◆ PROBLEM REQUIREMENTS: Return the records from the first line through the line containing "Orla do Banhado - Igreja Matriz", and leave out the pictures.

Stored items
--
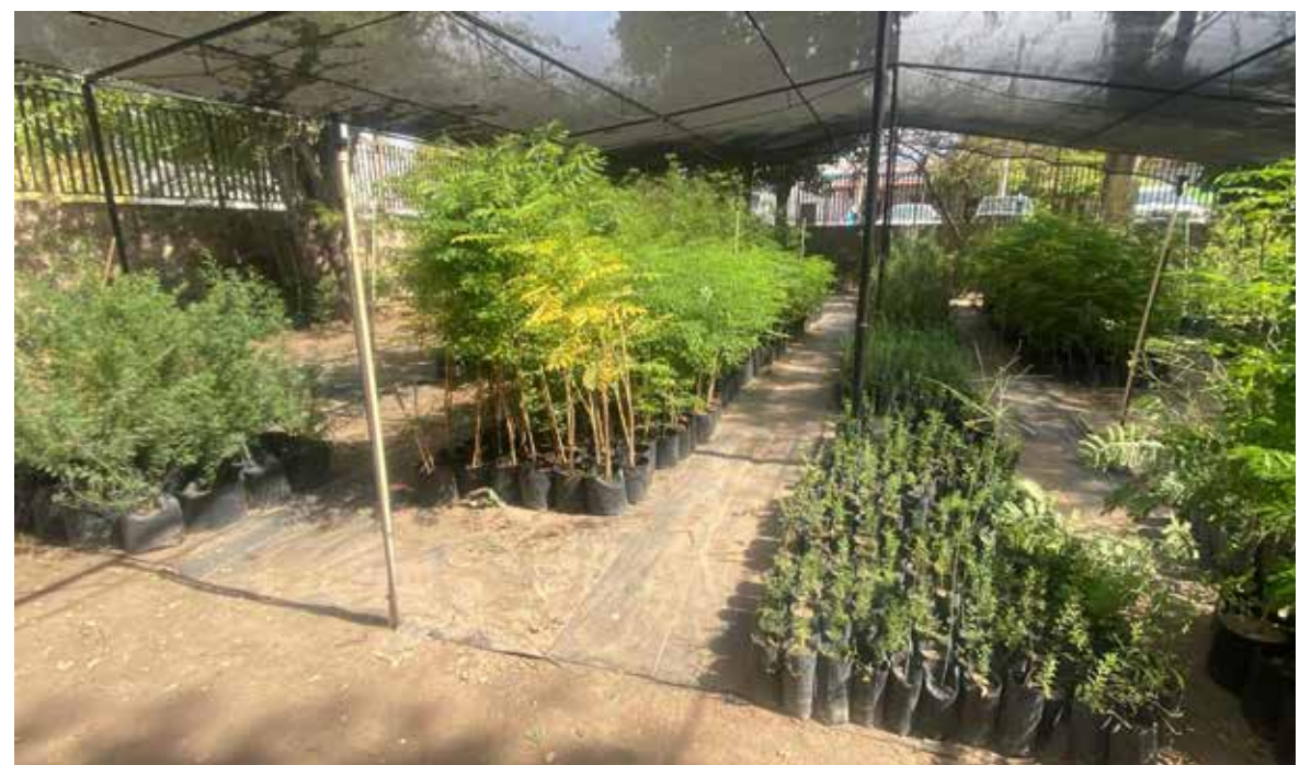
Invitan a hermosillenses a participar en jornada de donación de árboles nativos.

Señaló que el programa realiza entre dos y tres jornadas de donación cada mes; sin embar-
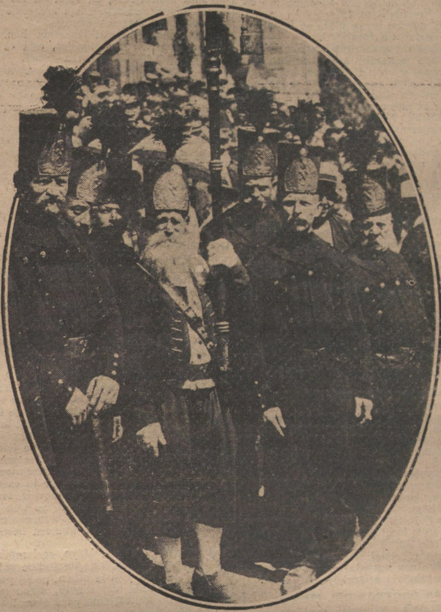
EL PRESIDENTE DE LA REPUBLICA FRANCESA EN LAS CIUDADES DE LA GUERRA.—La tradicional guardia de los mineros de Sainte-Marie-Aux-Mines, con sus respectivos trajes, esperando a Poincaré.

Es preciso estudiar el problema obrero, encanuzándole definitivamente hacia un mejoramiento material y mo- ral sin límite; pero condicionado por
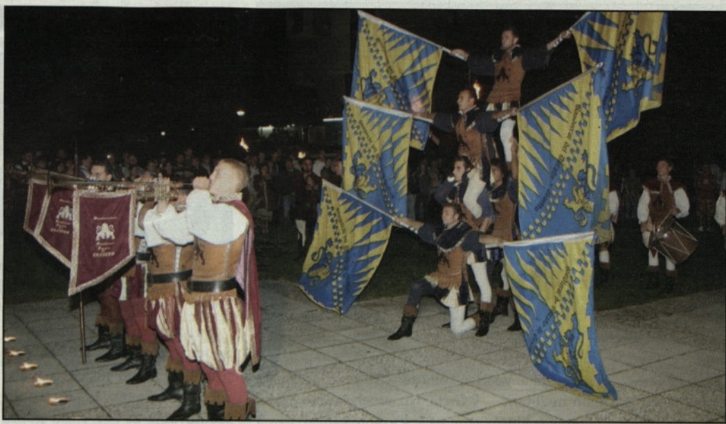
Med nastopom folklorne skupine iz Šempetra

Folklorna skupina KUD Grifon iz Šempetra in celjska folklorna skupina sta letos že petič pripravili mednarodni folklorni festival Od Celja do Žalca. Prireditve so se tokrat udeležile folklorne skupine iz Srbije, Italije, Grčije, s Portugalske in dve domači skupini, gostiteljici festivala. V teh festivalnih dneh se je zvrstilo veliko nastopov.
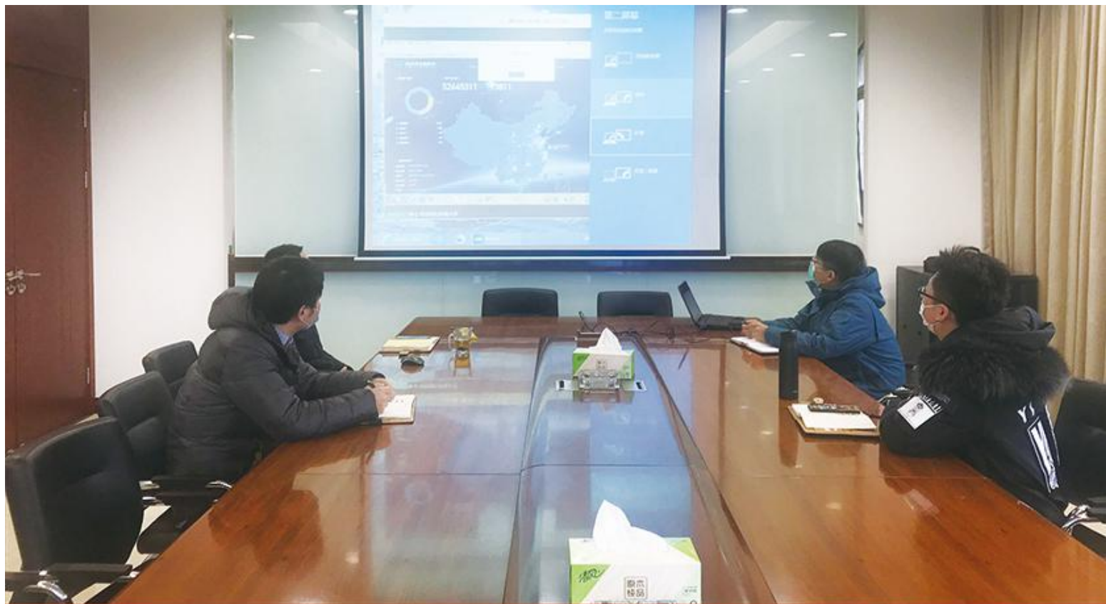
图为《金融集团科贷公司探索线上服务新模式》

惠措施。“这些帮扶措施主要针对所有参加防疫人员的家属，包括社区工作人员、医生等重点群体创业家属。”
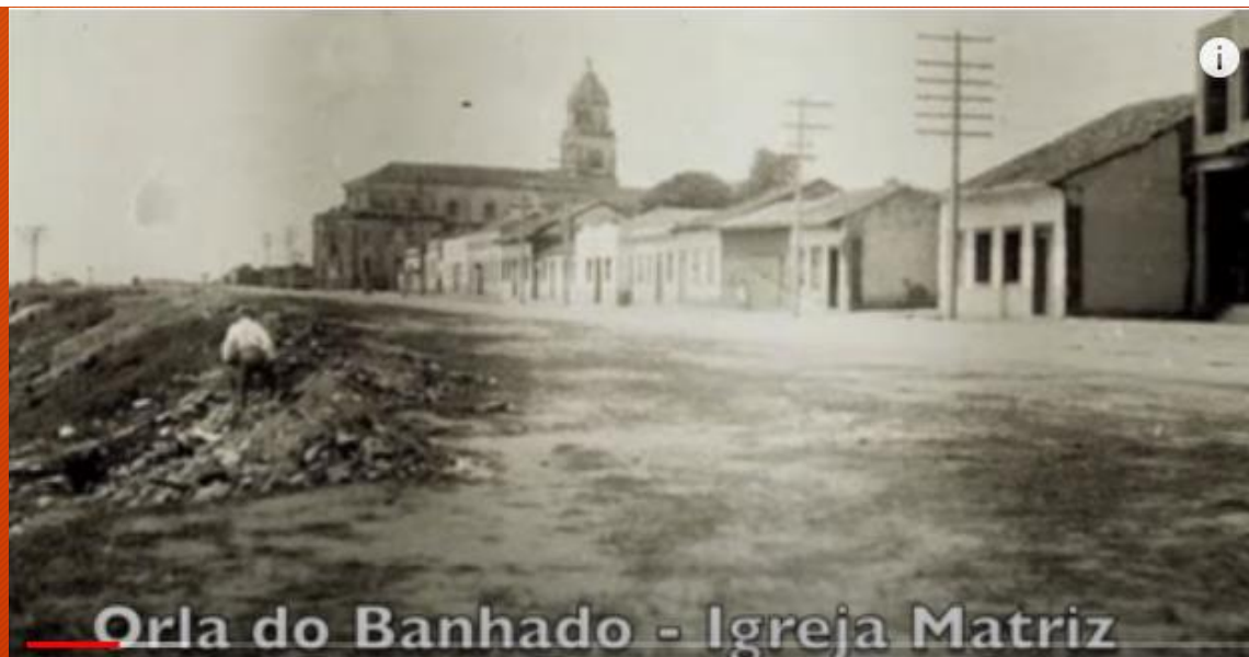
Orla do Banhado - Igreja Matriz

Agradecimentos ao historiador Douglas Almeida, ao Repórter Cinematográfico Jorge Silva, à TV Univap e ao Cehvap - Centro de História e Memória da Univap.
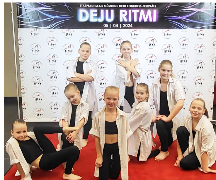
Deju grupas "Platīns" dalībnieces.

Sabiedrības informēšanas un multimediju nodaļa
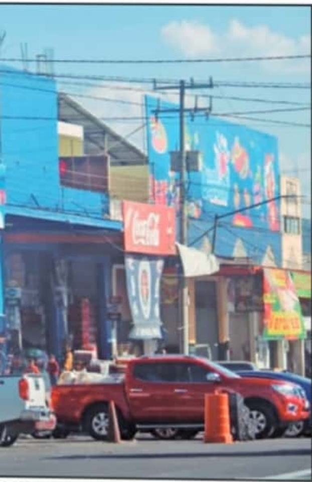
ALGUNOS SIGUEN ADELANTE EN LA PANDEMIA, YA QUE HAY CLIENTES QUE SE AGLOMERAN EN ALGUNOS NEGOCIOS.
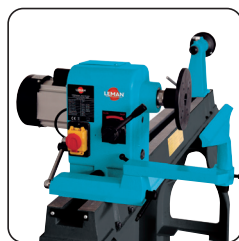
Rotation de la tête jusqu'à 180°
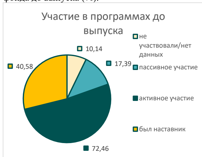
Рисунок 12 Группа Б: участие в программах фонда до выпуска (%).
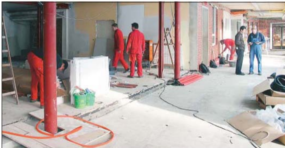
Auf eine Baustelle werden die Kinder stoßen, die heute nach den Ferien die Schule an der Feldbreite besuchen. Auch am Standort Wilhelmstraße wird noch gebaut.

ERWEITERUNG KGS Rastede wird Ganztagschule – Baumaßnahme läuft noch
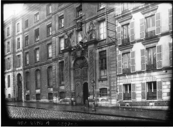
Versailles : porte et bibliothèque de Versailles, 1927 Bibliothèque nationale de France : El 13-2806
--
◆ YOUR RESPONSE:
Invitan a hermosillenses a participar en jornada de donación de árboles nativos.

Señaló que el programa realiza entre dos y tres jornadas de donación cada mes; sin embar-
EL PRESIDENTE DE LA REPUBLICA FRANCESA EN LAS CIUDADES DE LA GUERRA.—La tradicional guardia de los mineros de Sainte-Marie-Aux-Mines, con sus respectivos trajes, esperando a Poincaré.

Es preciso estudiar el problema obrero, encanuzándole definitivamente hacia un mejoramiento material y mo- ral sin límite; pero condicionado por
Med nastopom folklorne skupine iz Šempetra

Folklorna skupina KUD Grifon iz Šempetra in celjska folklorna skupina sta letos že petič pripravili mednarodni folklorni festival Od Celja do Žalca. Prireditve so se tokrat udeležile folklorne skupine iz Srbije, Italije, Grčije, s Portugalske in dve domači skupini, gostiteljici festivala. V teh festivalnih dneh se je zvrstilo veliko nastopov.
图为《金融集团科贷公司探索线上服务新模式》

惠措施。“这些帮扶措施主要针对所有参加防疫人员的家属，包括社区工作人员、医生等重点群体创业家属。”
Orla do Banhado - Igreja Matriz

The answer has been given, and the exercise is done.